WHAT IS REQUIRED - Exactly as written, print out each entry in the data, with no pictures.

Stored records
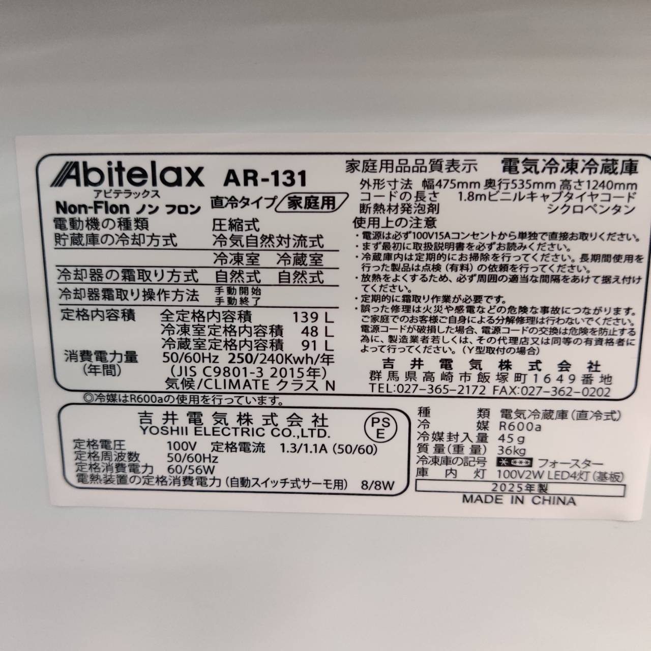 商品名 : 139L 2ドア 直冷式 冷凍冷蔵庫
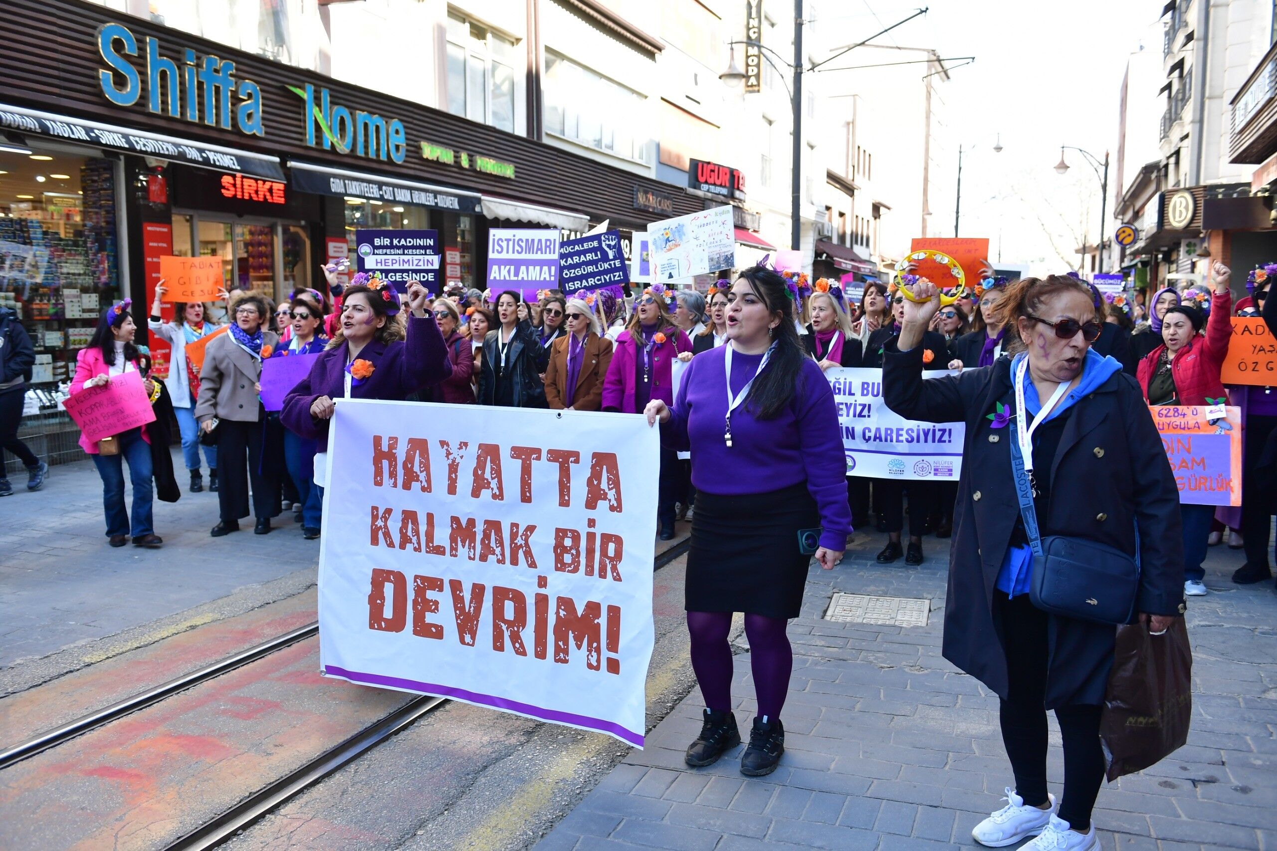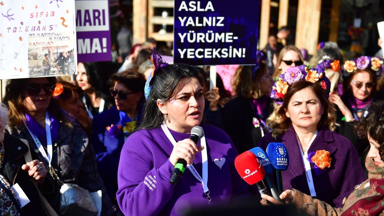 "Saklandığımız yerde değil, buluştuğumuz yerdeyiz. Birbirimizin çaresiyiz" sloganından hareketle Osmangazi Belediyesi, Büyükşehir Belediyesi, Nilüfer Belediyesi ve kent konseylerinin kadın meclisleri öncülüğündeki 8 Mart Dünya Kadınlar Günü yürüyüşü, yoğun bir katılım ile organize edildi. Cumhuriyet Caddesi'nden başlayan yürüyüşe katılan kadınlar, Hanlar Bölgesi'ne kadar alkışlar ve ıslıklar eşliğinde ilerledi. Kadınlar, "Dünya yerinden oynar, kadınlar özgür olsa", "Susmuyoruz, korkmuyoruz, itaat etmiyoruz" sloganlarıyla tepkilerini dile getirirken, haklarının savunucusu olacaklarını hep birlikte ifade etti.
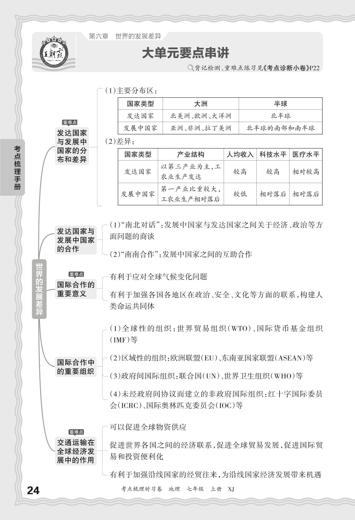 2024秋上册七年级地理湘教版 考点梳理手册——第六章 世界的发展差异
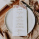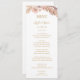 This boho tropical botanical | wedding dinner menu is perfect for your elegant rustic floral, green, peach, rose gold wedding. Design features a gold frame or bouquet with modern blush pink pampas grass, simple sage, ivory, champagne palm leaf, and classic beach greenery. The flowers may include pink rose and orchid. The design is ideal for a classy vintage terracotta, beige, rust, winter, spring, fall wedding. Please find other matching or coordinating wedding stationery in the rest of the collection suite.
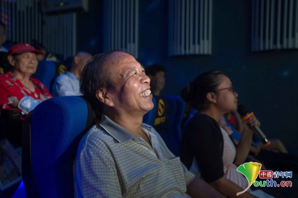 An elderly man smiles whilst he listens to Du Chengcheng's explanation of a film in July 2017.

EXERCISE ANSWER -
 商品名 : 139L 2ドア 直冷式 冷凍冷蔵庫
 "Saklandığımız yerde değil, buluştuğumuz yerdeyiz. Birbirimizin çaresiyiz" sloganından hareketle Osmangazi Belediyesi, Büyükşehir Belediyesi, Nilüfer Belediyesi ve kent konseylerinin kadın meclisleri öncülüğündeki 8 Mart Dünya Kadınlar Günü yürüyüşü, yoğun bir katılım ile organize edildi. Cumhuriyet Caddesi'nden başlayan yürüyüşe katılan kadınlar, Hanlar Bölgesi'ne kadar alkışlar ve ıslıklar eşliğinde ilerledi. Kadınlar, "Dünya yerinden oynar, kadınlar özgür olsa", "Susmuyoruz, korkmuyoruz, itaat etmiyoruz" sloganlarıyla tepkilerini dile getirirken, haklarının savunucusu olacaklarını hep birlikte ifade etti.
 2024秋上册七年级地理湘教版 考点梳理手册——第六章 世界的发展差异
 This boho tropical botanical | wedding dinner menu is perfect for your elegant rustic floral, green, peach, rose gold wedding. Design features a gold frame or bouquet with modern blush pink pampas grass, simple sage, ivory, champagne palm leaf, and classic beach greenery. The flowers may include pink rose and orchid. The design is ideal for a classy vintage terracotta, beige, rust, winter, spring, fall wedding. Please find other matching or coordinating wedding stationery in the rest of the collection suite.
 An elderly man smiles whilst he listens to Du Chengcheng's explanation of a film in July 2017.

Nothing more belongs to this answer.